Here's some guy's guess at Discord's revenue as of July 2017: https://medium.com/tnlmedia/why-discord-was-able-to-raise-50m-at-a-700m-valuation-7965ae100f41 - $1 million despite valuation of $700 million. Of course it's just a guess but clearly they are relying on a big exit to make money, after which they'll have to scramble, and probably add ads everywhere, to pay back the investors.

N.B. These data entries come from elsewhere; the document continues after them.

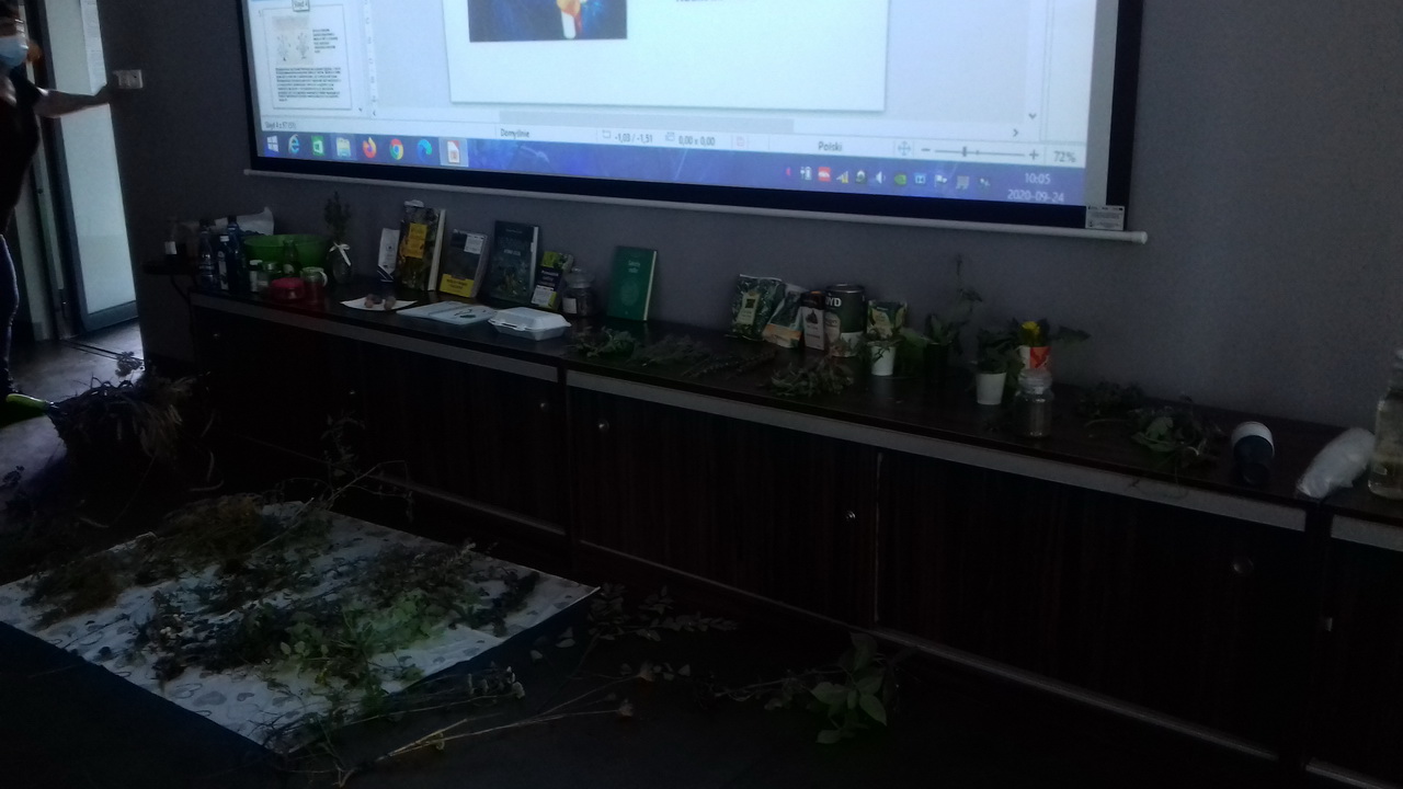 Tematem wycieczki było ziołolecznictwo. Celem: poznanie ziół i ich dobroczynnego wpływu na zdrowie człowieka. Spotkanie miało formę warsztatów i rozpoczęło się zajęciami w terenie, w trakcie których uczestnicy- na pobliskiej łące- poznawali rosnące tam zioła i uczyli się rozpoznawać najpospolitsze ich gatunki ( mlecz, mniszek lekarski, krwawnik pospolity, rdestnica, koniczyna, jasnota). Dalszy ciąg warsztatów odbył się w Sali PCEiPP. Uczniowie obejrzeli bardzo ciekawą prezentację opowiadającą m.in. o historii ziół i uczyli się rozpoznawać zioła za pomocą maty edukacyjnej i zielników. |
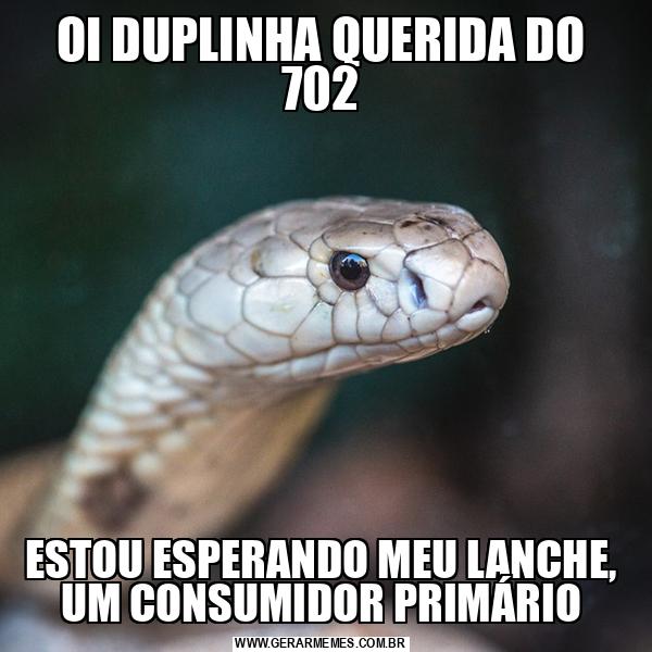 OI DUPLINHA QUERIDA DO 702 ESTOU ESPERANDO MEU LANCHE, UM CONSUMIDOR PRIMÁRIO
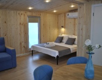 Сам отель очень классный, я бы даже сказала колоритный. Красивый вид. Тихая и спокойная атмосфера. Нам понравилось, НО мы остались только на 1 ночь, потому что кровать в домике 3 ну уж ооочень скрипучая. И то ли из-за Матраса, то ли из-за кровати ребенок постоянно скатывался как будто в низ к стенке( не знаю, как объяснить, но ребенок постоянно просыпался из-за этого ) но благо в номере еще был диван, и в середине ночи мы ушли спать на него. и это было гораздо комфортнее, чем кровать для нас
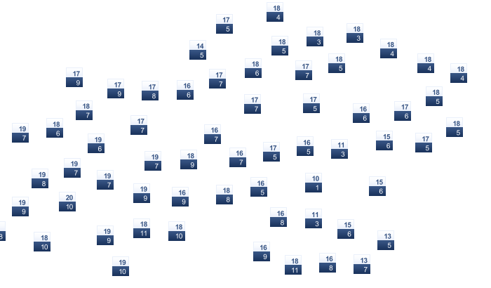 | 21 | 25 | 28 | 32 | 37 | 43 | 45 | 44 | 40 | 33 | 26 | 21 |
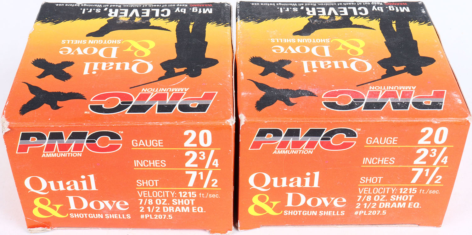 Lot of 2 PMC, Quail & Dove Load, 20ga., 1pc., Appears Full, 2 3/4'', shot size 7 1/2, multi-colored box, shells are excellent. Grade: Excellent + - Value: 10 to 20
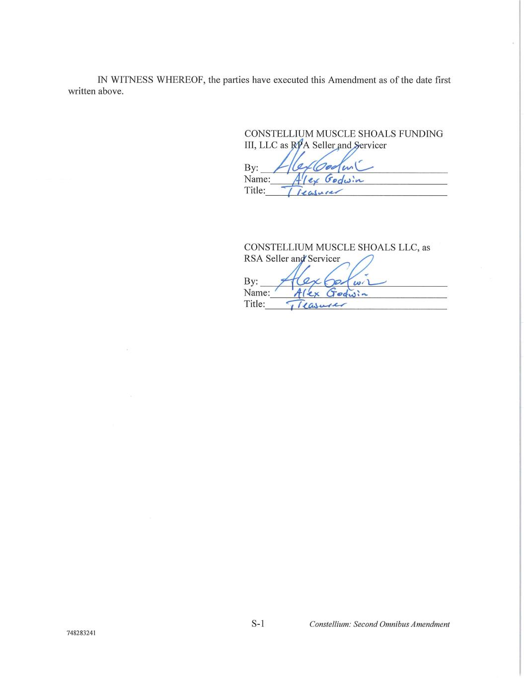 EXECUTION VERSION Constellium: Second Omnibus Amendment 748283241 SECOND OMNIBUS AMENDMENT This SECOND OMNIBUS AMENDMENT, dated as of June 28, 2022 (this “Amendment”) is: (1) THE SECOND AMENDMENT to the RECEIVABLES SALE AGREEMENT, between Constellium Muscle Shoals LLC, as seller (the “RSA Seller”) and Constellium Muscle Shoals Funding III LLC, as purchaser; and (2) THE SECOND AMENDMENT to the RECEIVABLES PURCHASE AGREEMENT, among Constellium Muscle Shoals Funding III LLC, as seller (the “RPA Seller”), the RSA Seller as servicer (the “Servicer”), Deutsche Bank Trust Company Americas, Deutsche Bank AG New York Branch, and each other subsidiary or affiliate of either such party who may from time to time become a party thereto (collectively, “DB”), in such capacity as a purchaser hereunder (each, a “RPA Purchaser”), and Intesa Sanpaolo S.p.A., New York Branch and each subsidiary or affiliate who may from time to time become a party thereto (collectively, “Intesa”), in its capacity as a purchaser thereunder (each, a “Purchaser” and, together with DB, and each of their permitted successors and assigns, collectively, the “Purchasers”), and in its capacity as purchaser representative hereunder (together with its successors and permitted assigns in such capacity, the “Purchaser Representative”). RECITALS WHEREAS, the RSA Seller and the RPA Seller have heretofore entered into the RECEIVABLES SALE AGREEMENT, dated as of September 30, 2021 (as amended, restated, supplemented, assigned or otherwise modified from time to time, the “Receivables Sale Agreement”); WHEREAS, Constellium International SAS (the “Parent”) has heretofore entered into a PERFORMANCE UNDERTAKING, dated as of September 30, 2021, in favor of the RPA Seller with respect to obligations under the Receivables Sale Agreement (the “First Tier Parent Guarantee”); WHEREAS, the RPA Seller, the Servicer, Intesa (in its capacity as Purchaser and Purchaser Representative) and DB (in its capacity as Purchaser) heretofore entered into the RECEIVABLES PURCHASE AGREEMENT, dated as of September 30, 2021 (as amended, restated, supplemented or otherwise modified from time to time, the “Receivables Purchase Agreement”; together with the Receivables Sale Agreement, each an “Agreement” and collectively, the “Agreements”); WHEREAS, the Parent has heretofore entered into a PERFORMANCE UNDERTAKING, dated as of September 30, 2021, in favor of the Purchasers with respect to obligations under the Receivables Purchase Agreement (the “Second Tier Parent Guarantee,” and together with the First Tier Parent Guarantee, the “Guarantees”); WHEREAS, the parties hereto seek to modify each of the Agreements upon the terms hereof.
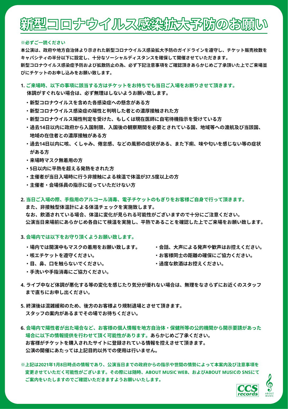 Adv. ¥3,800 / Door ¥4,300(DAY、NIGHT共)
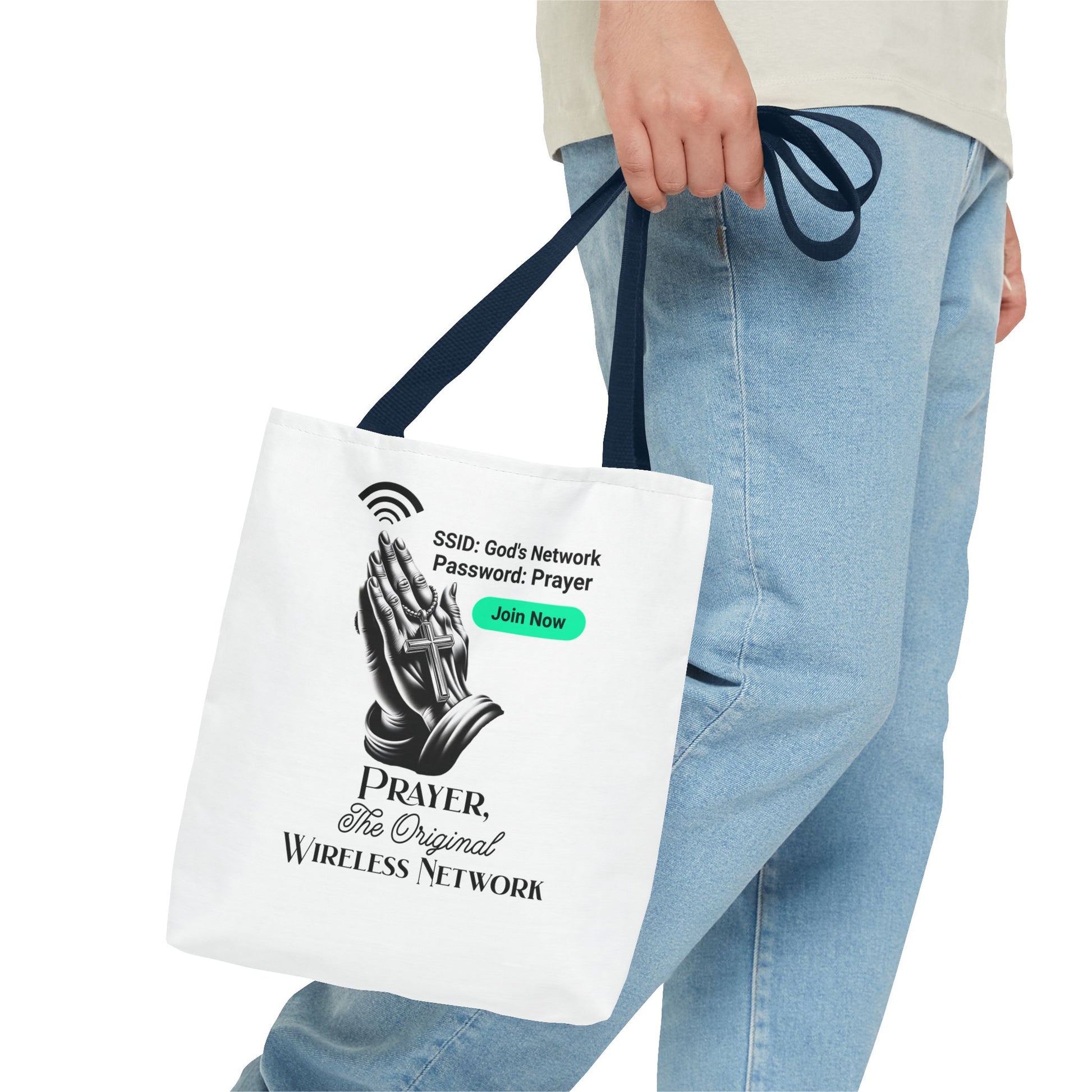 This Tote Bag features a unique design with praying hands and a wifi signal, paired with the slogan Prayer, The Original Wireless Network. It gives a spiritual and tech-savvy vibe, perfect for those who appreciate the power of faith and connectivity. Ideal for religious holidays and everyday use.
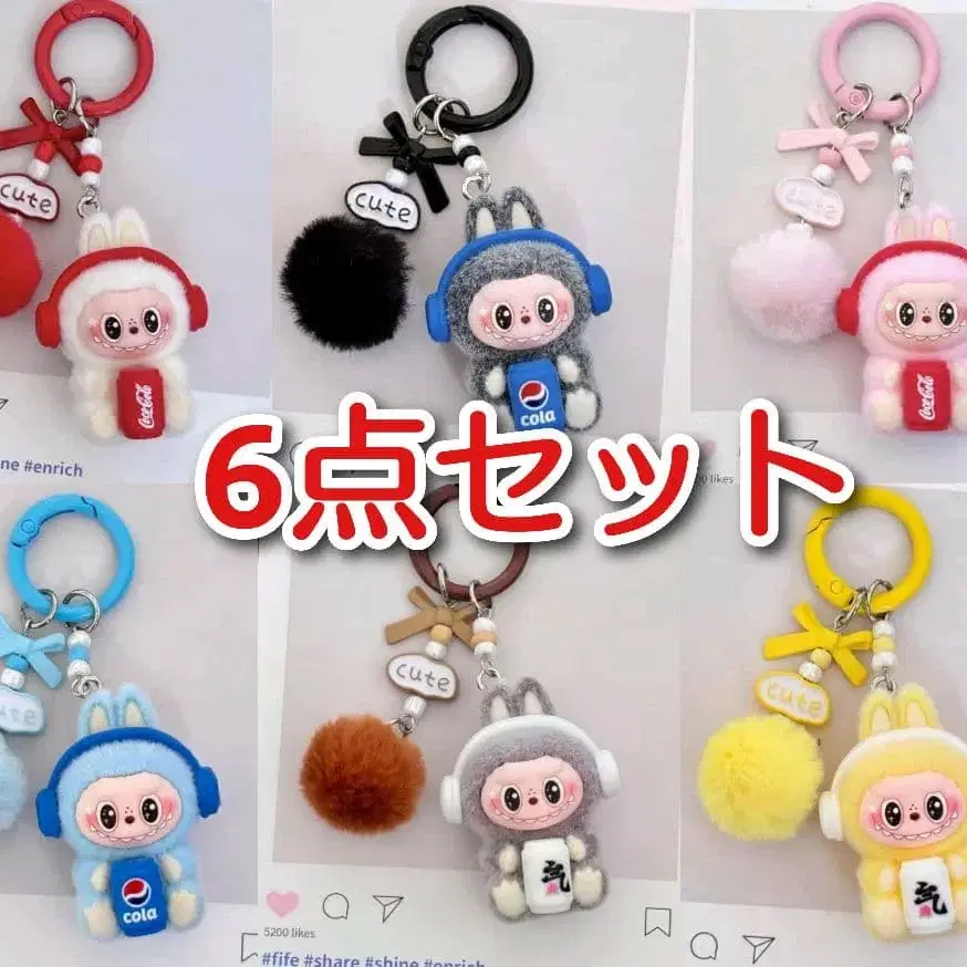 러브브 봉제 인형 키링 6세트 콜라 폼폼 포함
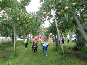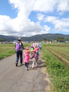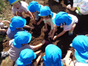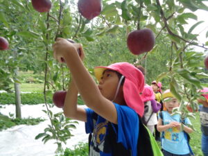 保育園では畑で収穫した野菜で、カレーパーティー、ポップコーンパーティー、やきいもパーティーをしました。また毎年、地域の農園さんのご厚意で『リンゴ狩り』を体験させていただいています。
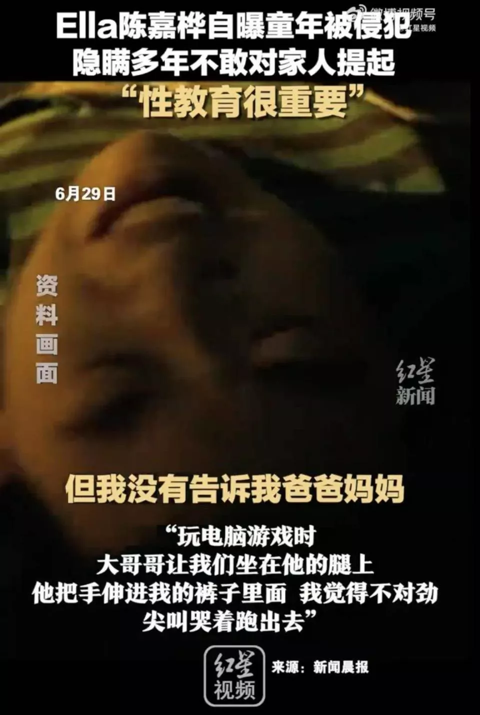 SHE的成员Ella陈嘉桦,曾当众讲述过,她童年被侵犯。
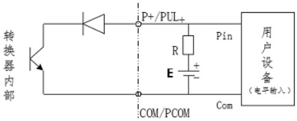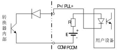 PUL+/ P+、ALM+(AH)、ALM-(AL)和 PDIR(FDIR)均為集電極開(kāi)路(OC 門)輸出(參閱圖 3.6b、3.6d,用戶接線時(shí)必須參照如下電路外接電源和負(fù)載:
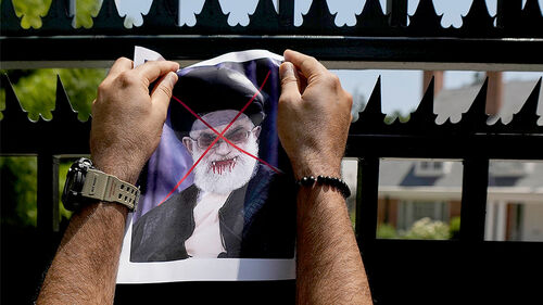 ▲ 칠레에서 열린 이란 반정부 시위 지지 집회에서 한 시위자가 이란 대사관 대문에 훼손된 이란 최고 지도자 하메네이의 포스터를 붙이고 있다.
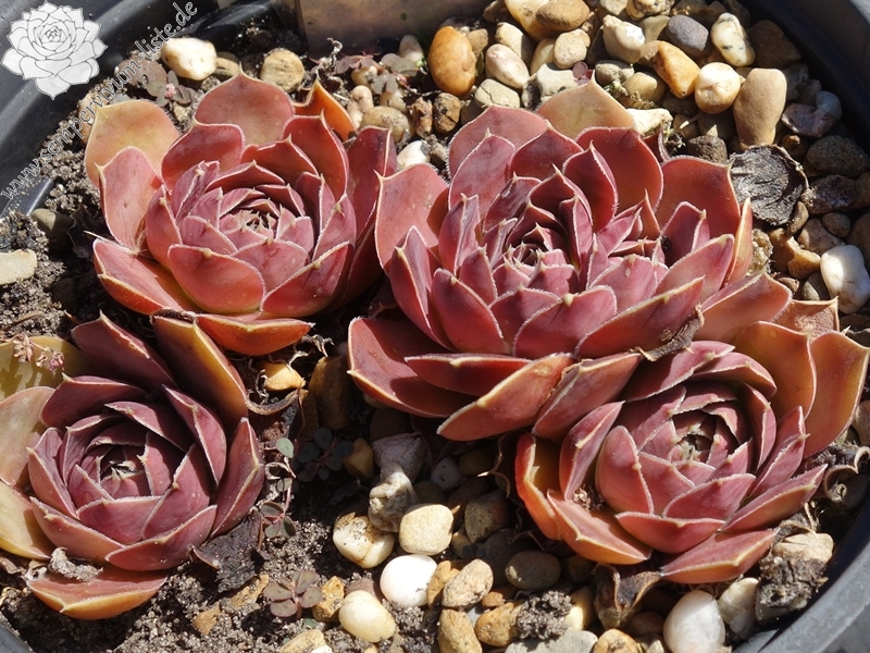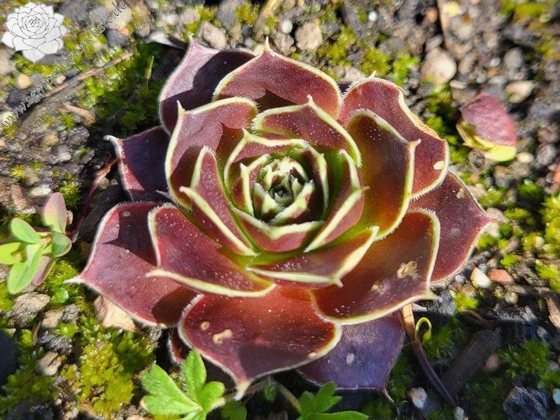 Rosetten bis 8 cm, Blätter breit rundlich, kurz bespitzt, signalviolett, Blattränder hell, bewimpert

keybase seems good so far.
Is it easy to get non-techy people to sign up for Keybase? It is cool in tech circles but their chat service doesn't get much press that I've seen. It also requires an installation and no web app that I can tell, which is a bummer (although probably has some justification from a security standpoint).
So it does have an android client but yea I don't think you're going to sell it to people who have used discord and don't care about their privacy.
I 'm thinking more and more about Nextcloud. I have it installed on my RPi and it comes with a IM feature. Haven't used it a lot yet though.
It's frustrating Google didn't focus on Allo and Duo. Why they want to kill Hangouts is just baffling as they could monetize it and make cash. It's better than anything out there.
There is absolutely nothing preventing Google from scraping your Allo and Duo chats for data to use in ad targeting, particularly through the Assistant integration. By making Hangouts enterprise-only, Big G is making privacy a paid service.
As usual, the Google ecosystem, whatever its benefits to the end users in "free", useful products, is really about mining your life for all it's worth.
I don't get it. Why does Google keep killing popular products?
Because Google only has one product that actually makes money: Google Ads. Any product that doesn't directly support Google Ads is under existential threat at all times.
Wasn't it announced that Hangouts was going to be focusing on enterprise rather than consumer audience some six months ago?
Yup, but the implication was that enterprise features would be the focus and the consumer Hangouts would just continue on....
Google was supposed to bring balance to the force, not leave it in the Darkness.
God, what an utter bitch. I've been using hangouts with google voice for years. Is there going to be an alternative message service or is Google voice dead? Is there any other comparable VoIP service that can connect to the telephone and SMS networks over multiple devices?
That's a shame. My SO and I started talking on Google Talk, and while we have moved on to other applications, it's still a shame that they're shutting it down.
This isn't actually Google's video service shutting down.
They're sunsetting Hangouts in favor of Meet and Chat, which will be opened up to consumers.
It's effectively a name change (and a changed app and backend). People shouldn't be freaked out.
People would be less freaked out if the product Google says they're transitioning Hangouts users to—Google Chat—was available outside the enterprise. "We're killing this thing you use and transitioning you to a product that's not available to you, but will be soon, we promise" does not engender confidence.